590, 593-94 (11th Cir. 1995) (internal citations and quotation marks omitted). Substantive law determines the materiality of facts, and “[o]nly disputes over facts that might affect the outcome of the suit under the governing law will properly preclude the entry of summary judgment.” Anderson, 477 U.S. at 248.

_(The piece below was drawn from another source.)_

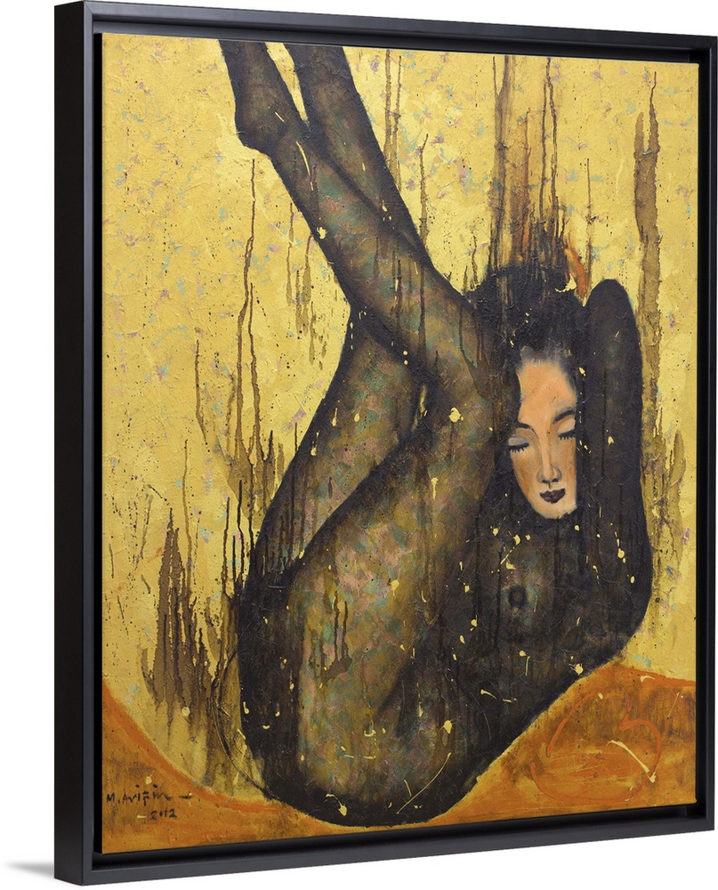 <p>Muhammad Arifin depicts a beautiful nude falling into a golden pool, combining warm oil colors on canvas to summon the words Falling in Love. She is falling in love, drowning in the depths of love, which is tempting, the artist explains. Even she is now forgetting about herself as if she were falling into the unreachable deepness of the ocean.</p>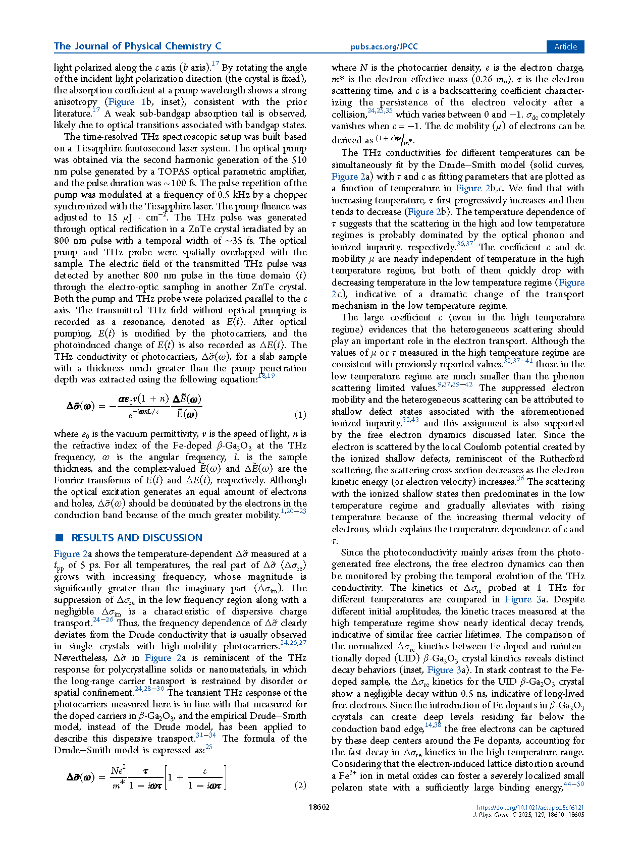 ● 成功地将时间分辨 THz 光谱与 Drude-Smith 模型结合,清晰地揭示了 Fe 掺杂 β-Ga2O3 中复杂的色散电子传输行为,并定量分离了不同散射机制的贡献。

In determining whether summary judgment is appropriate, a court “must view all evidence and make all reasonable inferences in favor of the party opposing summary judgment.” Haves v. City of Miami, 52 F.3d 918, 921 (11th Cir. 1995) (citing Dibrell Bros. Int’l, S.A. v. Banca Nazionale Del Lavoro, 38 F.3d 1571, 1578 (11th Cir. 1994)). “Summary judgment is improper, however, if the

evidence is such that a reasonable jury could return a verdict for the nonmoving party.” Guevara v. NCL (Bahamas) Ltd., 920 F.3d 710, 720 (11th Cir. 2019) (quotation marks and citation omitted). IV. Parties’ Positions

Corizon argues that Plaintiff’s Complaint is untimely filed and the record evidence fails to support his Eighth Amendment claim. See generally Motion. As to the first argument, Corizon contends that Plaintiff “was actually aware of the facts supporting his claim when he wrote” a particular grievance on

March 8, 2014. Id. at 9. Because Plaintiff did not file this case until June 2020, Corizon claims it was filed more than two years too late. Id. at 9-10. Corizon further contends that the continuing violation doctrine does not apply, and even if it did, Plaintiff cannot meet the requirements of the doctrine. Id. at 10-

12. Moreover, Corizon asserts that Plaintiff “plainly lied to the Court,” which resulted in the Court denying Corizon’s motion to dismiss and prolonged this litigation. See id. at 12-14. As to Corizon’s second argument, Corizon explains that “[m]edical

providers are allowed to consider costs in providing care.” Id. at 20. Corizon asserts that when it was providing contracted medical care to Florida inmates, the funding to provide treatment to inmates with HCV “just did not exist,” and “[i]ts mission and duty was to stage patients for treatment according to the severity of disease, so treatment could begin when funding was available.” Id.